Je ne me suis pas laissé le choix. Comme pour tout le monde, il y a eu une phase de déni, d’incompréhension, et puis la chose acceptée, je me suis appareillé.
Vous avez un casting cinq étoiles !
C’est vrai et j’en suis heureux. Avec Sandrine Kiberlin, nous sommes amis depuis vingt ans et j’avais envie depuis longtemps de travailler avec elle. Tout comme Emmanuelle Bedos. C’est une magnifique comédienne. François Berléand, je ne le connaissais pas. J’aimais le comédien mais j’en cherchais un plus jeune. En fait, je me suis dit que ce n’était pas indispensable et je l’ai appelé. Il y a eu une complicité immédiate entre nous. Il sait tout jouer ce type ! La petite Manon, ce n’était pas mon premier choix et pourtant c’était une évidence. Jouer une petite fille muette, ce n’était pas facile mais elle a tout de suite choppé le truc. Je pense qu’on la retrouvera très vite.

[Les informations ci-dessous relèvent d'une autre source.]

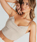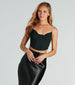 Your new favorite glam glitter crop top is here! This must-have stunner features a cowl neckline and rhinestone faux pearl straps to add a touch of luxury. Plus the dual tie-back closure allows for a perfect fit. and the cropped hem adds extra drama. Complete the look in a satin midi skirt for a birthday dinner and cocktails!

Marthe, je trouve qu’elle ressemble à ma grand-mère ! Elle ne voulait plus jouer mais j’ai su la convaincre. Elle joue avec finesse une femme qui a d’évidence la maladie d’Alzheimer mais qui sait en jouer quelquefois…
J’ai envie de travailler avec des personnes sensibles et d’avoir en moi cette petite musique.

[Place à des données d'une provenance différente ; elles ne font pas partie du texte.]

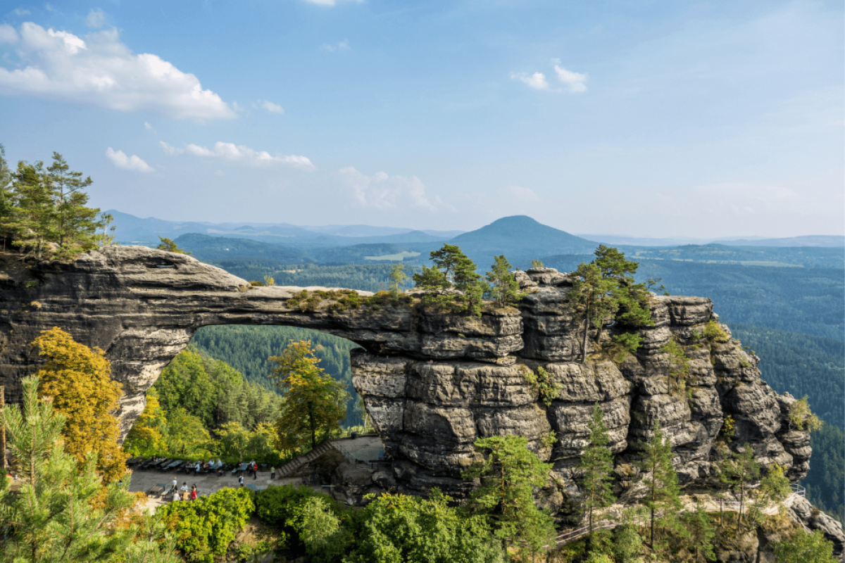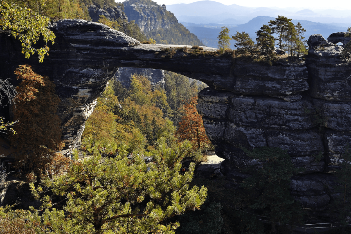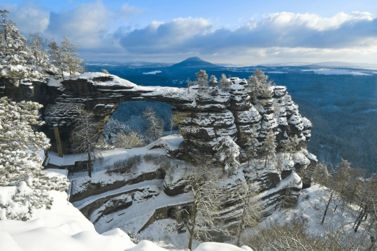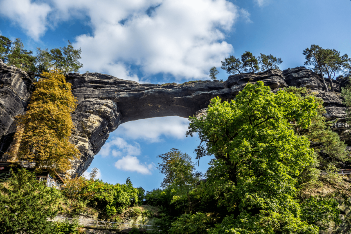 Pravčická bránaje považována zanejkrásnější přírodní útvar Českého Švýcarskaa tvoří symbol celé oblasti.Je tvořena jedním obloukem a její rozměry jsou úctyhodné: rozpětí oblouku u dna je 26,5 m, výška otvoru 16 m, šířka 7 – 8 m, minimální tloušťka 3 m, vrcholová plošina brány je 21 m nad jejím dnem.

J’ai envie de travailler avec des gens que j’admire et que j’aime. Former une famille autour de moi.
C’est un film qui parle de la solitude, de l’incompréhension…
C’est surtout un film qui parle de nous tous, de ces passages de vie qu’on traverse, de situations qu’on a tous eue ou qu’on peut vivre, auxquelles on a pu être confrontés. Ça parle aussi du rapport à soi-même, à sa façon d’apprendre à s’estimer, à se respecter.

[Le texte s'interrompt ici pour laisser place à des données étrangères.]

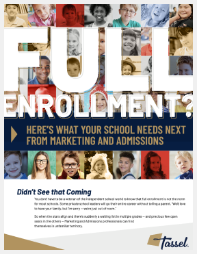 Whether your school is operating from a position of strength or teetering on the tipping point, Tassel can help. Our proven process will challenge your thinking, clarify the win, and position your school to connect with right-fit families. And we’ll start by focusing on a simple but critical question: “What does your school need from marketing in this season?”

Moi-même, j’ai beaucoup appris de moi, j’ai pu et je peux apprécier le silence, j’ai appris à être attentif au regard des autres.
L’aide auditive peut être très agressive. Certains ont renoncé. Tout est amplifié, même tous les bruits alentours qui sont autant d’agressions .On a du mal à s’adapter.  Il faut persister, se laisser le temps. J’ai dû mettre quelque trois mois à m’adapter.
Etre scénariste, réalisateur, comédien… Vous accumulez les difficultés !
C’est vrai qu’il y a quelques difficultés à se filmer soi-même ! Ça rend un peu schizophrène !
Mais il faut faire la part des choses : réaliser en ne pensant qu’aux comédiens, jouer sans penser à la caméra. Mais après des années de métier, c’est un pur plaisir et à chaque fois un petit miracle !
A chaque séquence tournée, je retrouvais ma place de comédien ou de réalisateur sans problème.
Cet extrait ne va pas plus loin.